After restarting OH the first trigger was more or less in sync, but each following execution is delayed by 5 minutes compared to the one before:

2024-12-13 13:00:32.350 [INFO ] [org.openhab.core.model.script.rules ] - Time Test Rule '13:00' triggered
2024-12-13 14:05:07.712 [INFO ] [org.openhab.core.model.script.rules ] - Time Test Rule '14:00' triggered
2024-12-13 15:10:08.857 [INFO ] [org.openhab.core.model.script.rules ] - Time Test Rule '15:00' triggered
2024-12-13 16:15:36.083 [INFO ] [org.openhab.core.model.script.rules ] - Time Test Rule '16:00' triggered
2024-12-13 17:21:32.279 [INFO ] [org.openhab.core.model.script.rules ] - Time Test Rule '17:00' triggered
2024-12-13 18:28:00.260 [INFO ] [org.openhab.core.model.script.rules ] - Time Test Rule '18:00' triggered
2024-12-13 19:34:37.733 [INFO ] [org.openhab.core.model.script.rules ] - Time Test Rule '19:00' triggered
2024-12-13 20:41:17.793 [INFO ] [org.openhab.core.model.script.rules ] - Time Test Rule '20:00' triggered
2024-12-13 21:47:57.810 [INFO ] [org.openhab.core.model.script.rules ] - Time Test Rule '21:00' triggered
2024-12-13 22:54:38.105 [INFO ] [org.openhab.core.model.script.rules ] - Time Test Rule '22:00' triggered
2024-12-14 00:01:18.313 [INFO ] [org.openhab.core.model.script.rules ] - Time Test Rule '23:00' triggered
2024-12-14 01:07:58.463 [INFO ] [org.openhab.core.model.script.rules ] - Time Test Rule '00:00' triggered
2024-12-14 02:13:02.090 [INFO ] [org.openhab.core.model.script.rules ] - Time Test Rule '01:00' triggered
2024-12-14 03:13:17.335 [INFO ] [org.openhab.core.model.script.rules ] - Time Test Rule '02:00' triggered
2024-12-14 04:13:26.493 [INFO ] [org.openhab.core.model.script.rules ] - Time Test Rule '03:00' triggered
2024-12-14 05:13:44.621 [INFO ] [org.openhab.core.model.script.rules ] - Time Test Rule '04:00' triggered
2024-12-14 06:15:17.012 [INFO ] [org.openhab.core.model.script.rules ] - Time Test Rule '05:00' triggered
2024-12-14 07:17:18.297 [INFO ] [org.openhab.core.model.script.rules ] - Time Test Rule '06:00' triggered
2024-12-14 08:19:47.567 [INFO ] [org.openhab.core.model.script.rules ] - Time Test Rule '07:00' triggered
2024-12-14 09:22:45.574 [INFO ] [org.openhab.core.model.script.rules ] - Time Test Rule '08:00' triggered
2024-12-14 10:26:10.775 [INFO ] [org.openhab.core.model.script.rules ] - Time Test Rule '09:00' triggered
2024-12-14 11:29:59.335 [INFO ] [org.openhab.core.model.script.rules ] - Time Test Rule '10:00' triggered
2024-12-14 12:34:05.892 [INFO ] [org.openhab.core.model.script.rules ] - Time Test Rule '11:00' triggered
2024-12-14 13:38:31.451 [INFO ] [org.openhab.core.model.script.rules ] - Time Test Rule '12:00' triggered

(and so on)

This was my initial problem so I started to test the new Javascript rules. Right now I am using an external item that holds the current (and correct) time. If this receives an update I check if something should happen at the given (external) time. But using cron triggers would be the best for time related rules.

Have you / could you sift through these results to see if something is related?

https://www.google.com/search?q=java+in+wsl+time+drift

Unfortunately I found nothing regarding Java within WSL. Only threads that the system time in WSL drifts away, but that’s not the case for me.

It’s really unclear what the problem can be. The cron timers are absolutely independed from JS Scripting or any of the rules langauges specifically.

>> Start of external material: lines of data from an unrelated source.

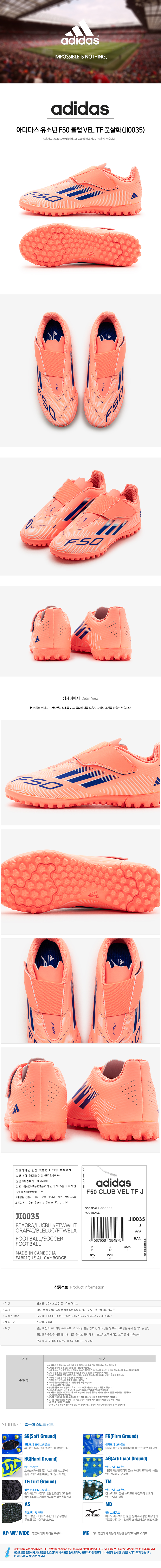 아디다스 유소년 F50 클럽 VEL TF 풋살화(JI0035)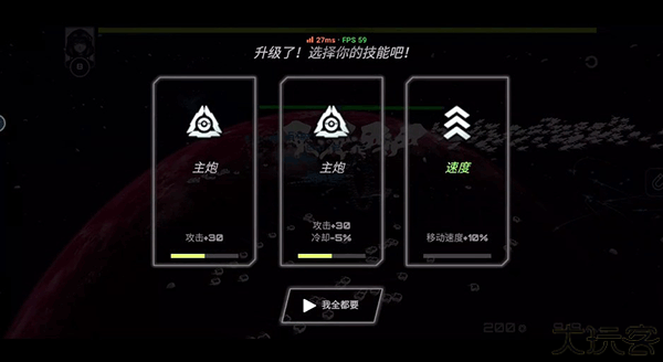 2、玩家通过完成任务可获取成长点数,用于强化飞船性能及火力输出,增强整体战斗力。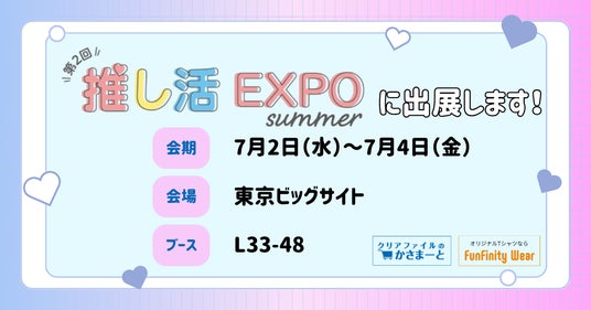 PP素材・PET素材のオリジナルグッズや販促品の作成ができる株式会社KASAMA(本社:石川県白山市)は、7月2日から4日まで東京ビッグサイトで開催される「推し活EXPO Summer」に出展します。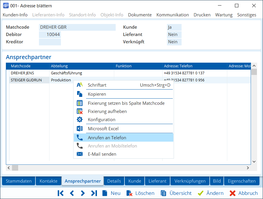 Sie haben nun die Möglichkeit in einer Adresse direkt im Blättermodus einen Ansprechpartner anzurufen oder ihm eine E-Mail zu senden. Dazu müssen Sie nur den gewünschten Ansprechpartner markieren und im Kontextmenü eine der entsprechenden Option auswählen: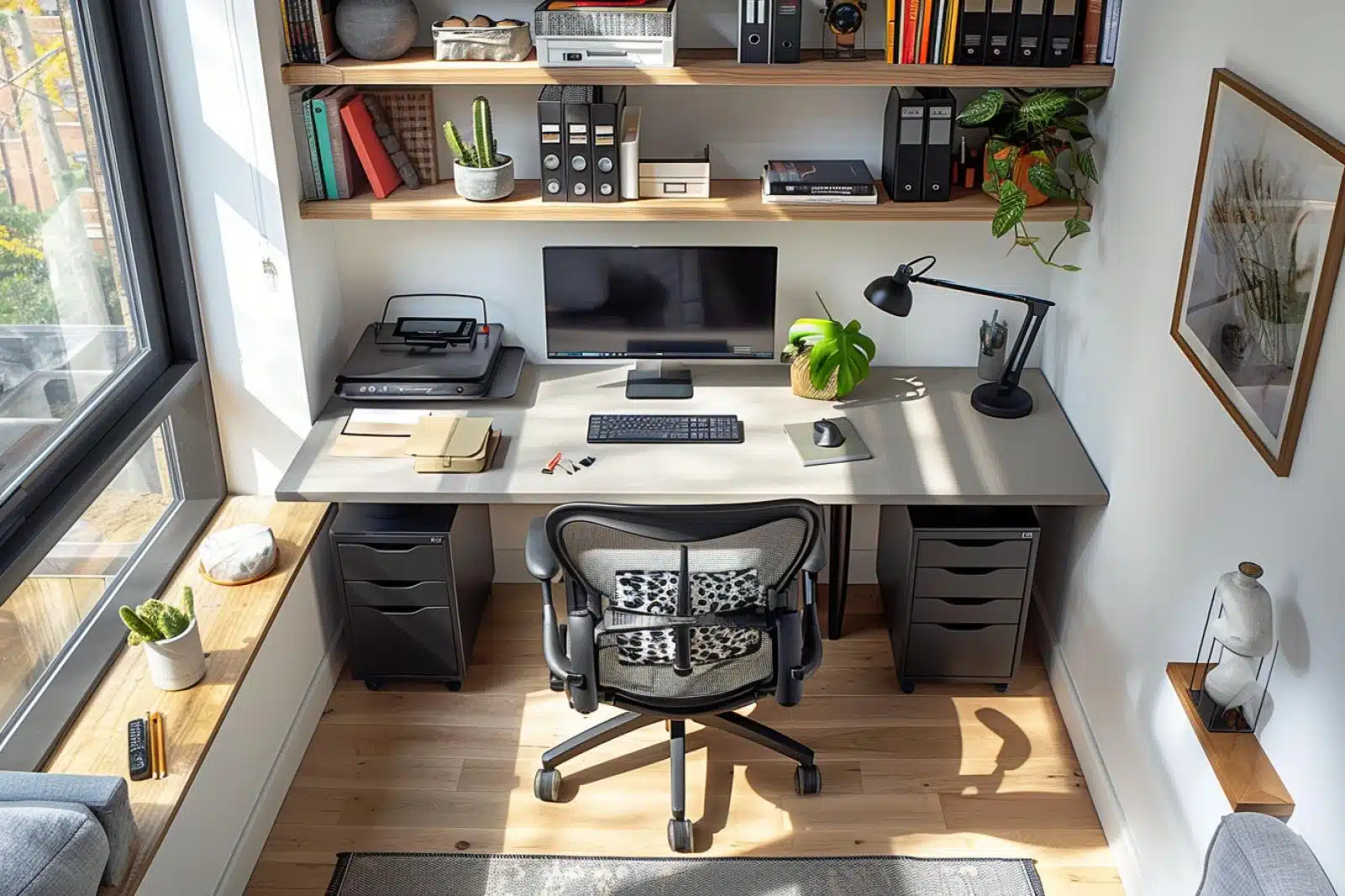 Comment faire ? Commencez par choisir un coin près de la fenêtre pour bénéficier de la lumière naturelle. Utilisez une table de petite taille adaptée à l’espace disponible. Pour les rangements, optez pour des étagères murales pour gagner de la place au sol. Enfin, choisissez une chaise ergonomique pour assurer votre confort pendant les longues heures de travail.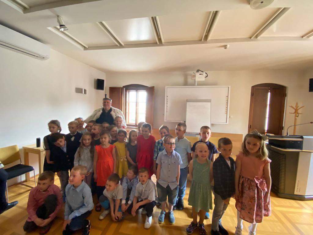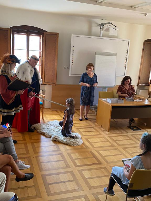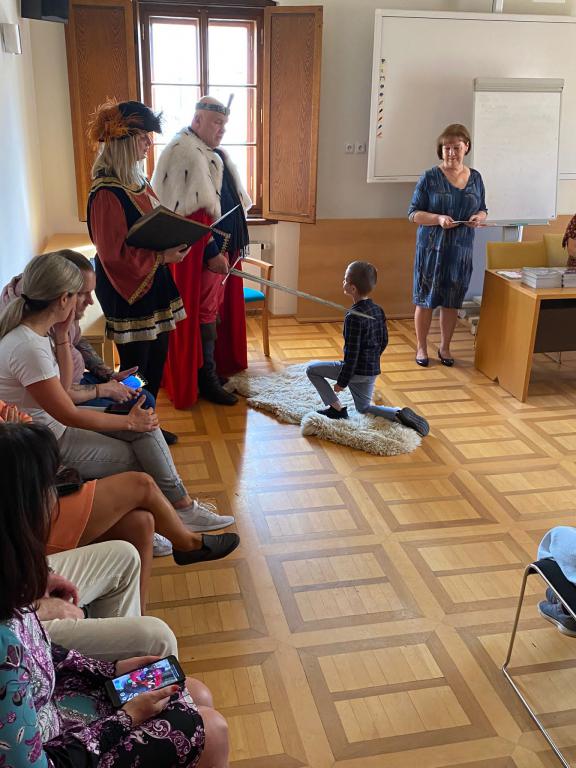 V pátek 27. 5. jsme byli panem králem pasováni na rytíře a rytířky krásného slova. Pro pana krále a naše rodiče jsme měli připravené krátké taneční představení. Po slavností akci jsme dostali za odměnu ještě zmrzlinu smiley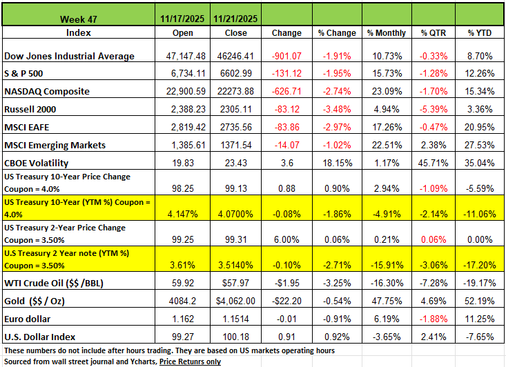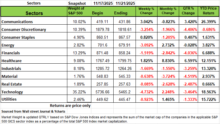 On the upside, the Communications sector was up +3.04% followed by Healthcare sector +1.8% and consumer staples 0.82% The rest of the sectors all posted negative returns on the week. Technology led the sectors decline this week, falling -4.7%, followed by a -3.3% slide in consumer discretionary and a -3.1% drop in energy. Industrials, financials, utilities, materials and real estate also fell. Advanced Micro Devices (AMD) shares fell 17%, and Micron Technology (MU) dropped 16%. Nvidia shed 5.9% despite stronger-than-expected fiscal Q3 results.
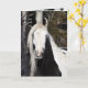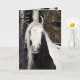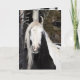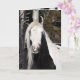 En zigenar-Vanner-häst tittar ut i en skog i Alberta på vintern.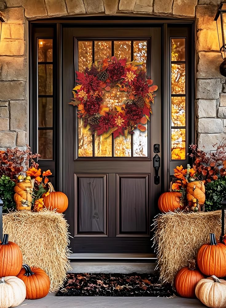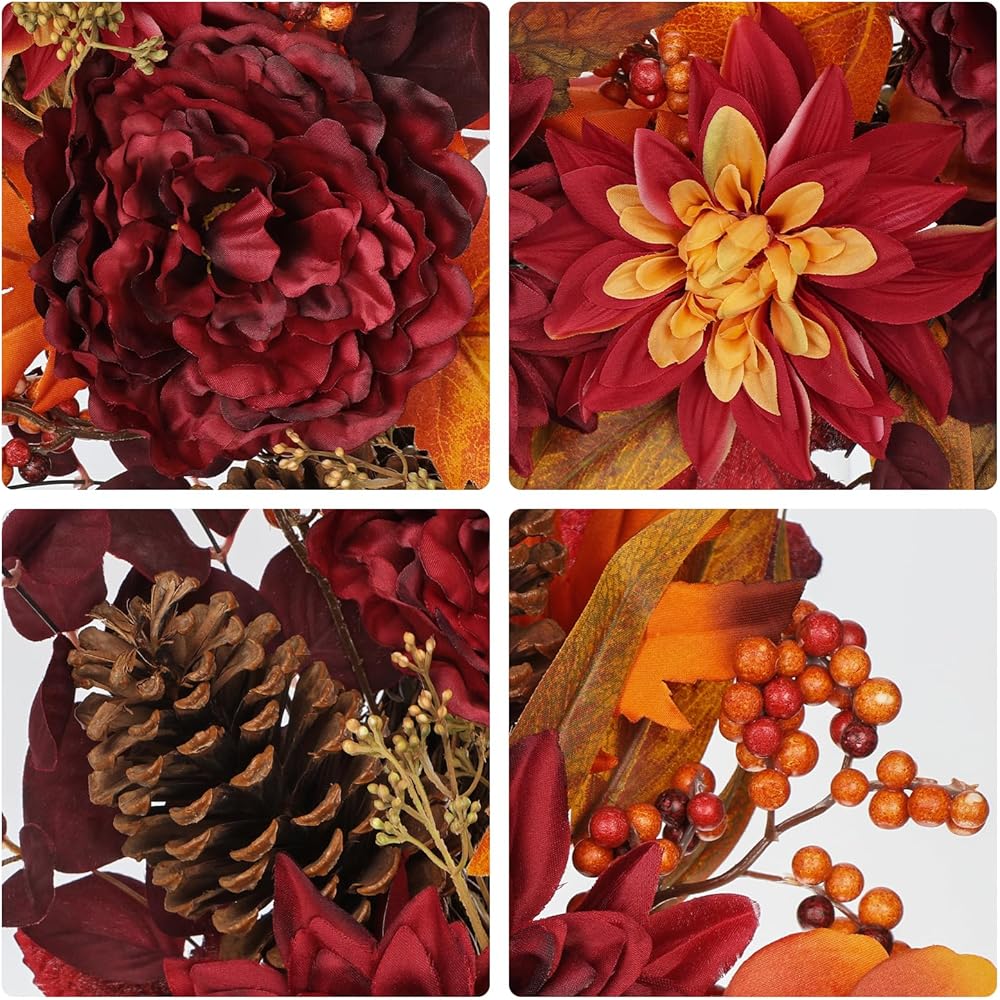 DELICATE AUTUMN ACCENTS: As the sun gently fades and a tranquil stillness fills the air, we welcome yet another enchanting botanical season. Showcase hues of the harvest with the autumn-inspired beauty provided by these colorful artificial fall wreath for front door. Add a touch of autumnal elegance to your home decor with our lifelike harvest wreath in mixed hues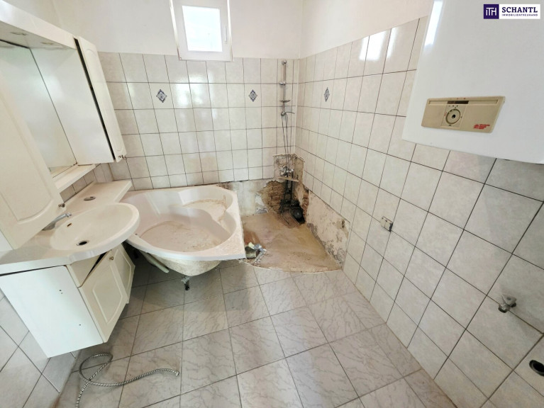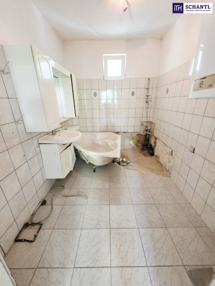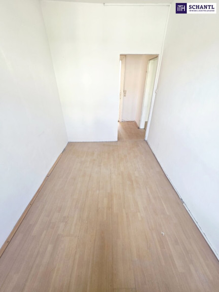 Ihre neue Wohnung hat Renovierungsbedarf und teilt sich in einen kleinen Vorraum, ein separates WC, einen geräumigen Küchenbereich mit Platz für einen kleinen Esstisch, eine kuscheliges Schlafzimmer, ein Badezimmer mit Badewanne und Waschmaschinenanschluss sowie ein großes Wohn-Esszimmer.

So that kind of is the opposite of the test above where the built in Java Timers kept in sync but the JS timers did not. And this is all Rules DSL too in this last case.

:man_shrugging:

If it were me I’d start by eliminating stuff to see if anything changes. First I’d run on WSL2 without Docker. Then run on Windows without the WSL2.

There’s nothing you can do from user facing configuration that would affect this. This problem isn’t being more widely reported. So there has to be something about the environment that OH is running in that is causing this. If we can figure out what that is maybe we can narrow down to the root cause and see if there’s anything OH has control over that can fix it.